◆ MATERIAL PROVIDED

====================

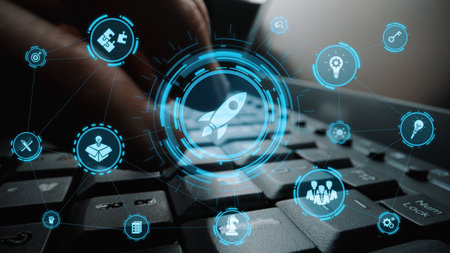 Laptop screen displays a vibrant blue backdrop with a rocket launching. Concept Space Exploration, Technology, Innovation, Futuristic Concepts
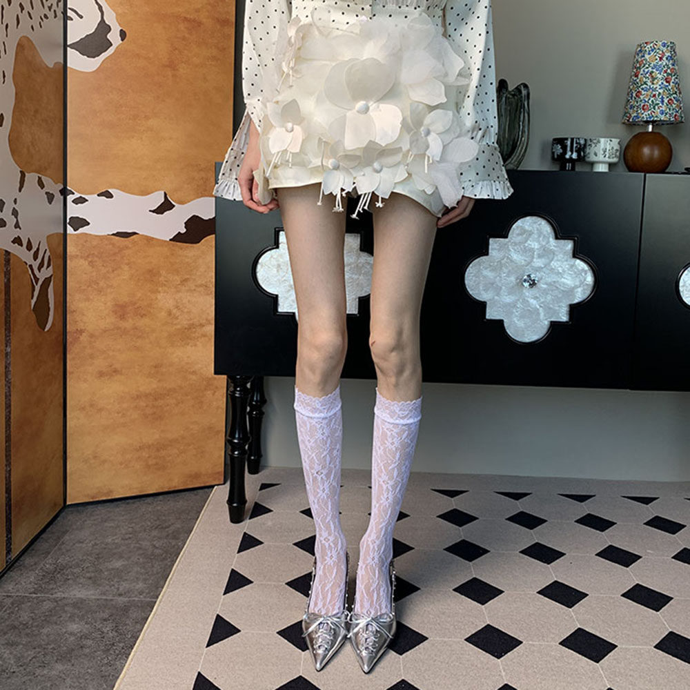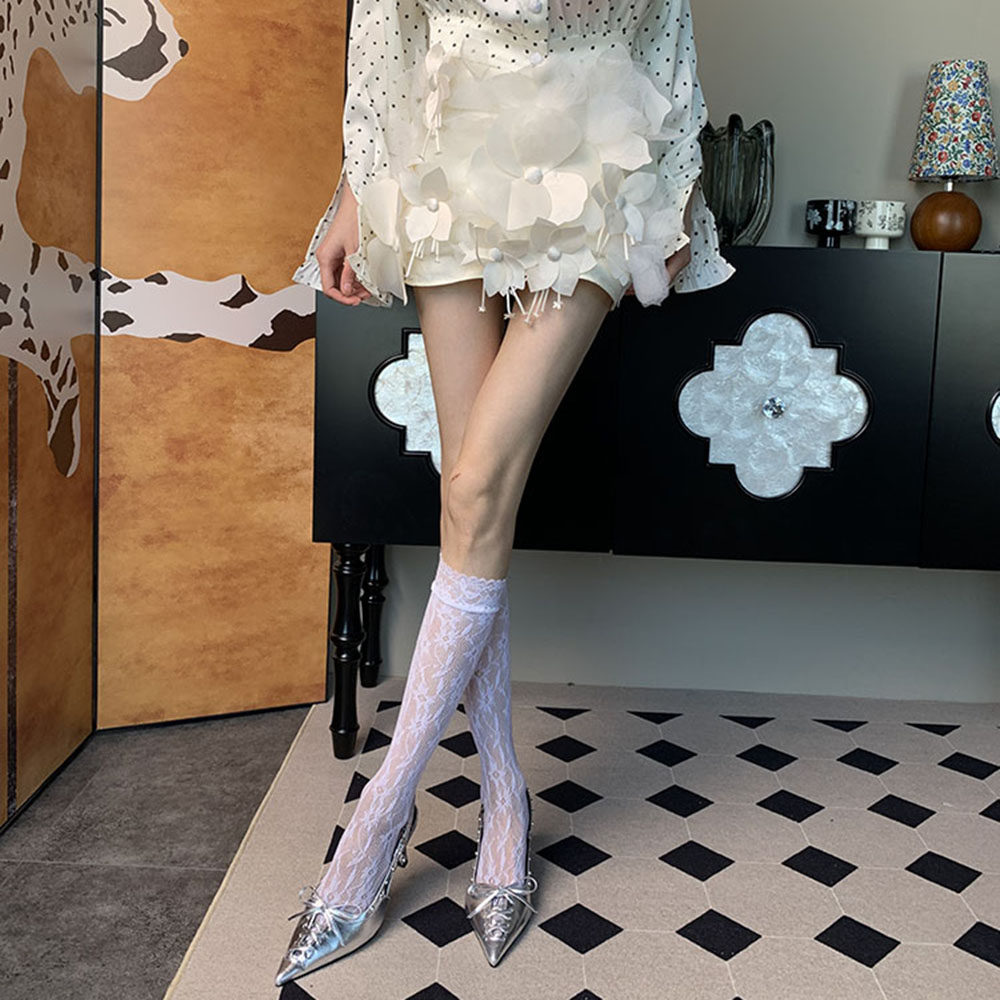 📚 不太懂得变通~夏季芭蕾风法式纯欲小众蕾丝花边白色镂空小腿袜
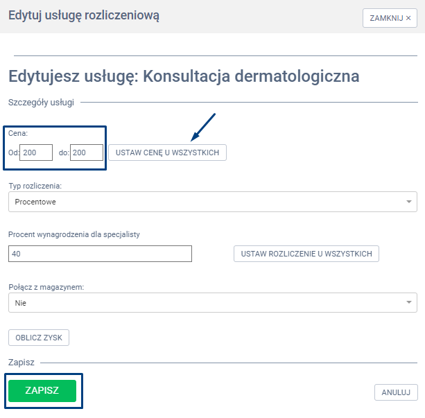 Możesz od razu dokonać zmiany u wszystkich specjalistów, którzy wykonują tę usługę, w tym celu kliknij w opcję USTAW CENĘ U WSZYSTKICH. Na koniec zatwierdź wprowadzone zmiany klikając ZAPISZ.
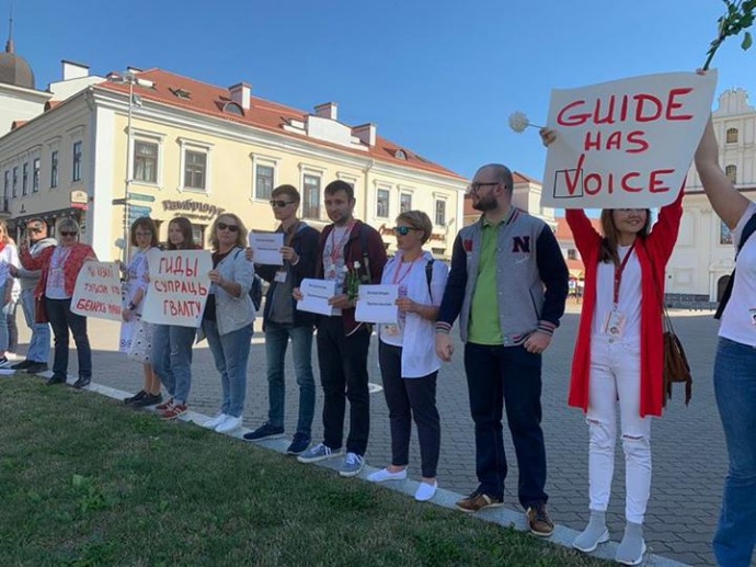 У Мінську на площі Свободи протестують близько 70 гідів. Вони тримають плакати: "Мы казалi турыстам, што Беларусь мiрная", "Гiды супраць гвалту".

====================

◆ EXERCISE
Type out the data above again exactly as written, minus the images.

◆ EXERCISE RESULT
 Laptop screen displays a vibrant blue backdrop with a rocket launching. Concept Space Exploration, Technology, Innovation, Futuristic Concepts
 📚 不太懂得变通~夏季芭蕾风法式纯欲小众蕾丝花边白色镂空小腿袜
 Możesz od razu dokonać zmiany u wszystkich specjalistów, którzy wykonują tę usługę, w tym celu kliknij w opcję USTAW CENĘ U WSZYSTKICH. Na koniec zatwierdź wprowadzone zmiany klikając ZAPISZ.
 У Мінську на площі Свободи протестують близько 70 гідів. Вони тримають плакати: "Мы казалi турыстам, што Беларусь мiрная", "Гiды супраць гвалту".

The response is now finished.